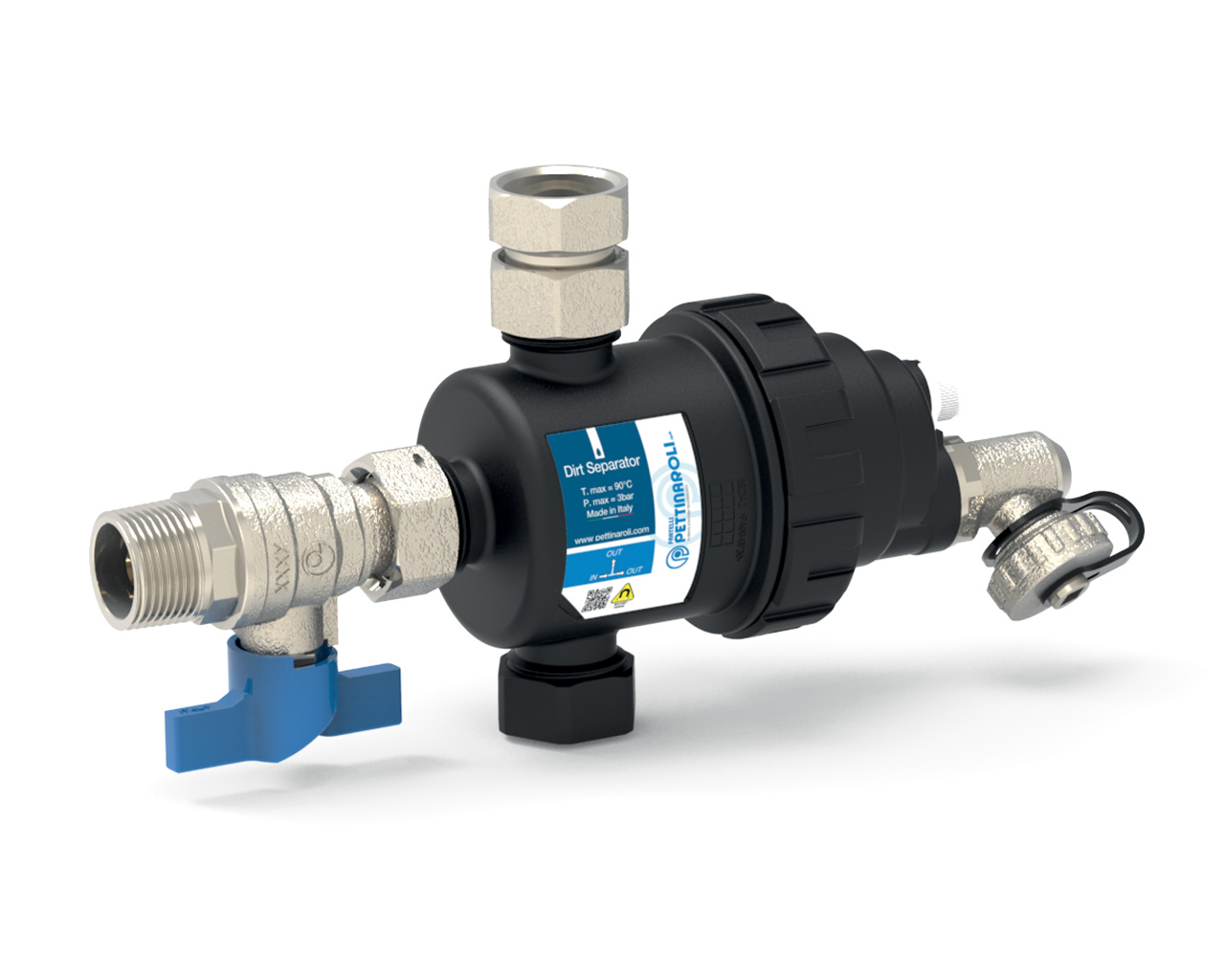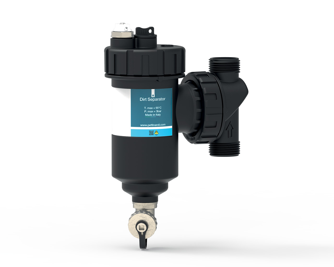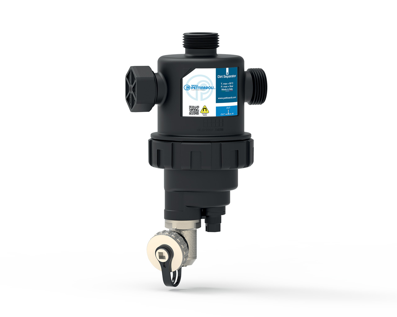 EvoMAGic magnetic dirt separator filter with 360° rotating fitting.
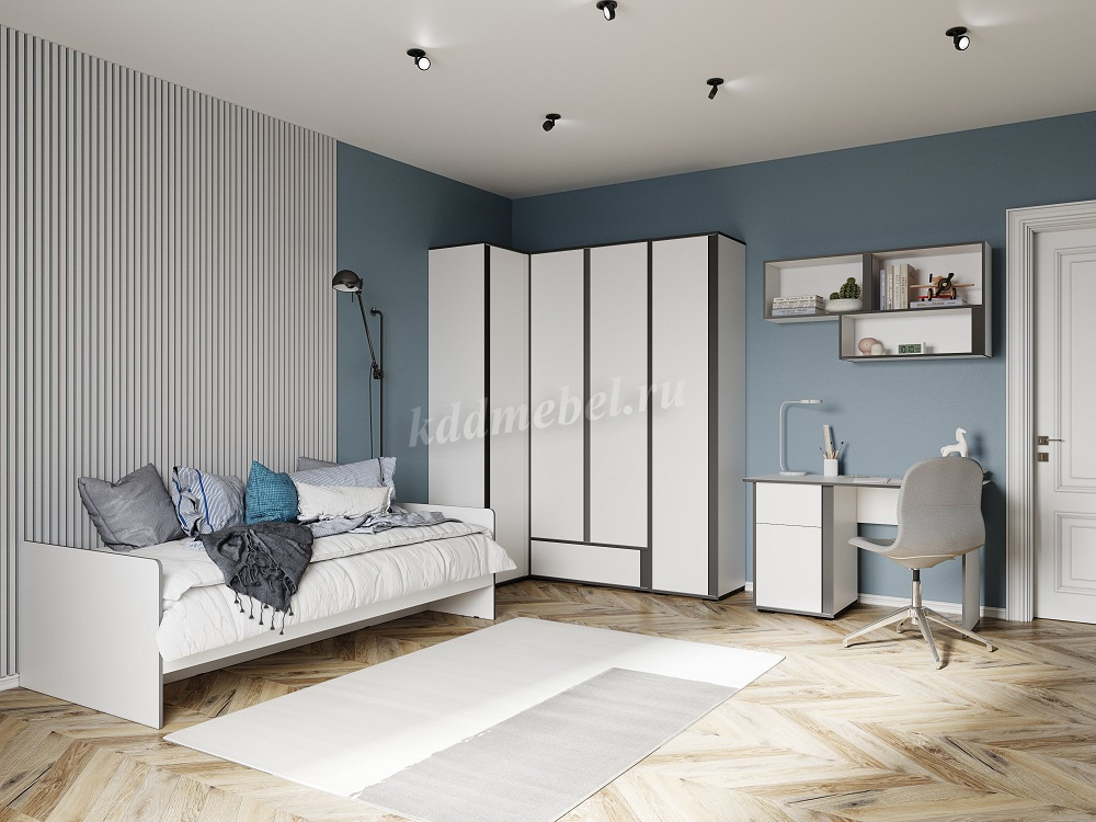 Шкаф угловой приставной Асцелла (Белый/Графит серый)
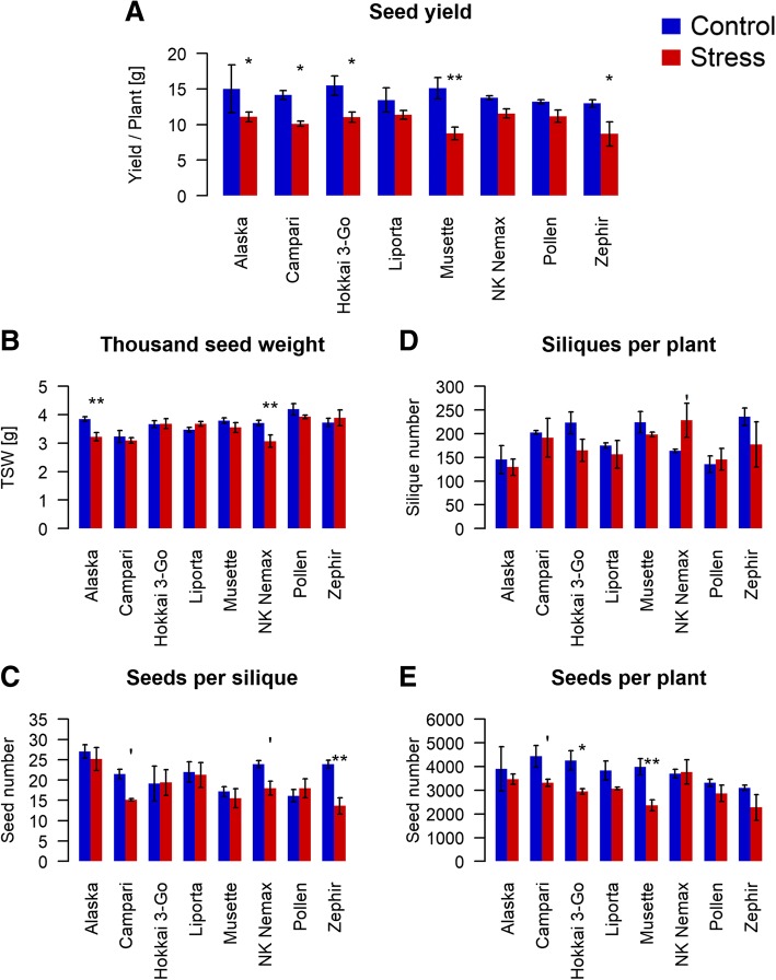 Background: Drought stress has a negative effect on both seed yield and seed quality in Brassica napus (oilseed rape, canola). Here we show that while drought impairs the maternal plant performance, it also increases the vigour of progeny of stressed maternal plants. We investigated the transgenerational influence of abiotic stress by detailed analysis of yield, seed quality, and seedling performance on a growth-related and metabolic level. Seeds of eight diverse winter oilseed rape genotypes were generated under well-watered and drought stress conditions under controlled-environment conditions in large plant containers.

▬▬▬▬▬▬▬▬▬▬

▸ Exercise prompt
What the answer needs is every line from the one containing "Шкаф угловой приставной" through the final line of the data above, copied exactly, without pictures.

▸ Result of the task
 Шкаф угловой приставной Асцелла (Белый/Графит серый)
 Background: Drought stress has a negative effect on both seed yield and seed quality in Brassica napus (oilseed rape, canola). Here we show that while drought impairs the maternal plant performance, it also increases the vigour of progeny of stressed maternal plants. We investigated the transgenerational influence of abiotic stress by detailed analysis of yield, seed quality, and seedling performance on a growth-related and metabolic level. Seeds of eight diverse winter oilseed rape genotypes were generated under well-watered and drought stress conditions under controlled-environment conditions in large plant containers.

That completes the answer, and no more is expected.